Paula McLain on Inherited Trauma and How to Stop the Cycle

Photo credit: Getty Images
Photo credit: Getty Images

When I was young, anytime I was in public—in a restaurant, at the beach, or even waiting in line for the bathroom at the gas station–I was constantly seeking to recognize something familiar in strangers’ faces. I was looking for my mother. And though I didn’t remember what she looked like, I felt sure she could spot me: The skinny, curly-haired, freckle-nosed girl she had left years before.

She disappeared in 1970, when she was 25, and I was the middle of three girls, 6, 4 and 3. One day, she and a boyfriend dropped us off at our paternal grandmother’s house in Central Fresno, saying they were going to the movies and would come back for us in the morning. Except they didn’t. In the days that followed there were whispers among the grownups about what to do with us. Whispers and waiting, and bottomless sadness.

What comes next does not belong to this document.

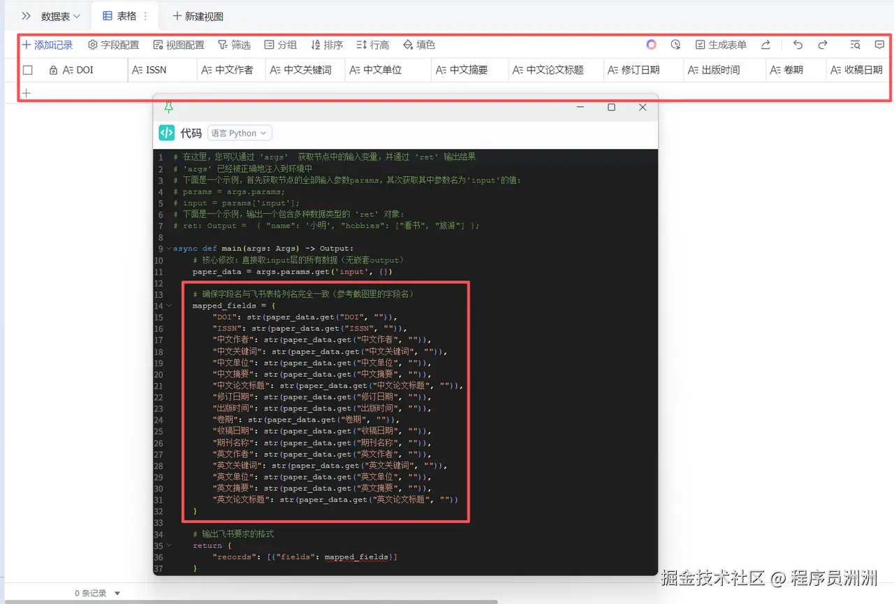 首先在飞书文档创建对应的表格,创建需要的表格列,注意列名需要跟刚刚我们的飞书添加数据节点中的Python代码中的对应列名要对应上,比如下图所示。
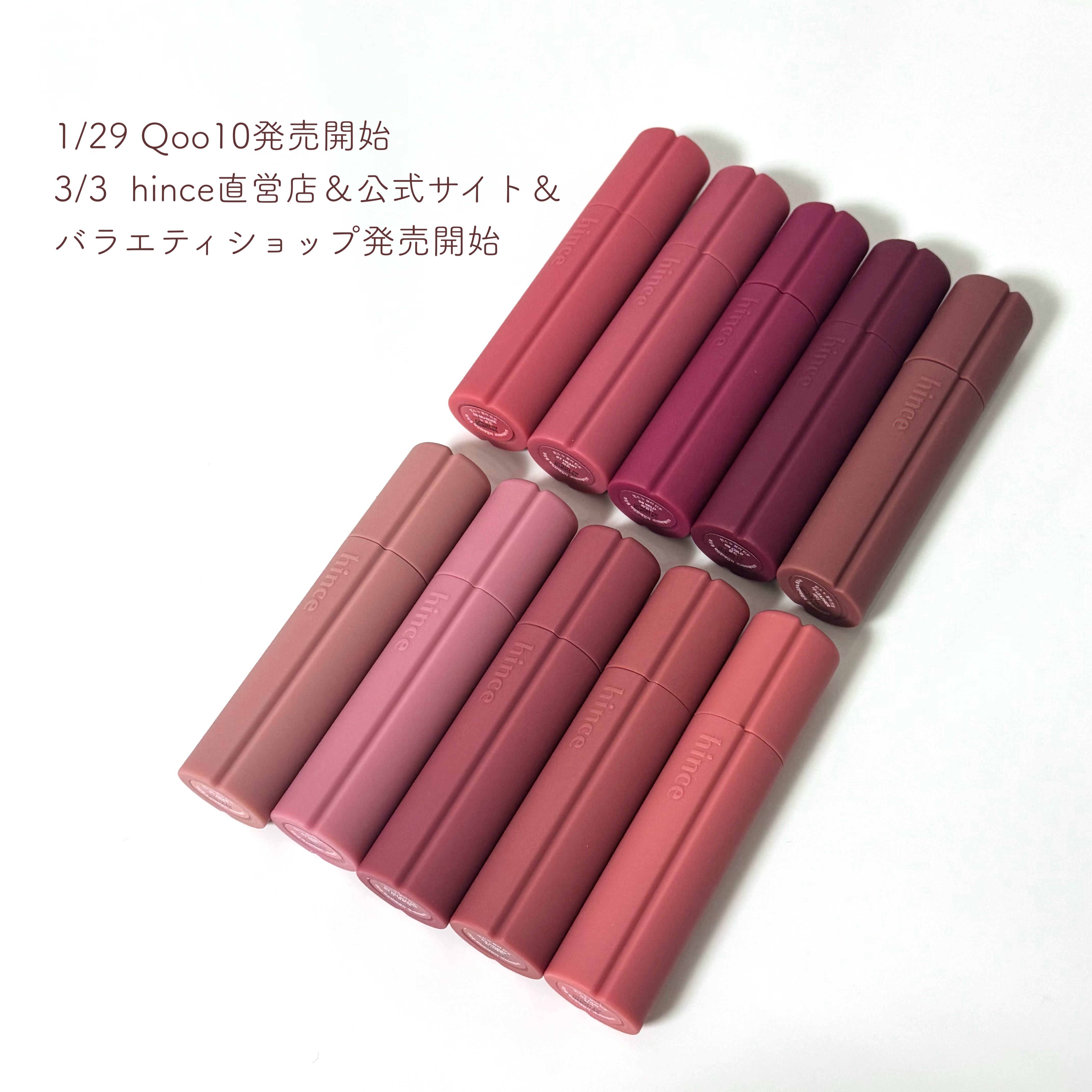 - POINT 1.ひと塗りでふわっと広がり、ピタッと密着 軽やかな一塗りで唇の上に均一にのび広がり、 乾燥感のない心地よさを保ちながらフィットするホイップクリームテクスチャー。 POINT 2.なめらかにとろけ、角質浮きを感じさせないクリームフォーム処方 “Um-pah”する瞬間、唇の上からやさしくなじみ、 角質浮きや乾燥を感じさせず、快適な仕上がりをキープします。 POINT 3.半透明ブラー処方によるソフトフォーカス効果 半透明のブラー処方が、唇の縦ジワまでふんわり補整。 ソフトフォーカスをかけたような、なめらかで洗練された印象を演出します。 POINT 4.パーソナルカラーに寄り添うBARE TO BOLDカラースペクトラム 毎日使いやすいベアカラーから、印象を引き締めるボールドカラーまで、 幅広いメイクを楽しめる全10色のカラー展開。 ■ Texture やわらかく溶けるようになめらかに広がる、 ホイップクリームのような新感触のクリーミーマットテクスチャー。 ■ 先行発売 • 2026年1月29日(木)|先行発売 Qoo10公式ショップ • 2026年2月19日(木) 楽天市場公式ショップ ■一般発売 2026年3月3日(火) 直営店(hince ルミネエスト新宿店/ルクア イーレ店/タカシマヤ ゲートタワーモール店)、公式オンラインストア(hince.jp)、全国バラエティショップにて一般発売 ※【事前予約】2月25日より、直営店3店舗および公式オンラインストア限定で、事前予約を実施予定です。 ※【取扱いについて】順次発売、店舗の事情により一部取り扱いのない場合がございます。

I remember feeling quietly underwater while we waited for our father to appear. He hadn’t been around in a while, and though our grandmother talked about him being away in the army, later we would learn he was actually in prison for trying to rob a drive-in movie theater with a butcher knife. Jail time was not new to him, we would discover. Nor were violence and drug addiction. But for the moment, we believed he was our knight in shining armor who would whisk us away to a more secure life. Instead, he took us to the county building where the three of us sat lined up on a bench in a long hallway, waiting quietly as he filed the necessary paperwork to surrender us to the California court system.

We spent the next 14 years shuttling through a series of kinship placements and foster homes, always together, thankfully. Many of our placements were horrifying, exposing us to neglect, violence, and sexual abuse. We were throwaway children who belonged to no one, least of all ourselves. Each time we arrived at strangers’ houses with our clothes in garbage bags, I wanted to believe things would change for the better. When they didn’t, I spent years waking up in the middle of the night. I would go into the bathroom and stare at myself in the mirror. Why is this happening? I asked, searching my face for an answer to why no one kept us. It’s your fault, my reflection replied. The most obvious answer.

I wish there was a way right now to reach out to that confused and terrified girl. I would turn her toward the mirror, and tell her things she’s never heard before: that she is precious and valuable. That she deserves to be safe and loved. That she’s looking in the wrong place for the “problem” of her life. It didn’t start with her or her sisters, who are simply children, and have done nothing wrong–but generations before. A river of sorrow and unresolved trauma that weaves through family members she’s never met, but who have struggled and thrashed in the same current.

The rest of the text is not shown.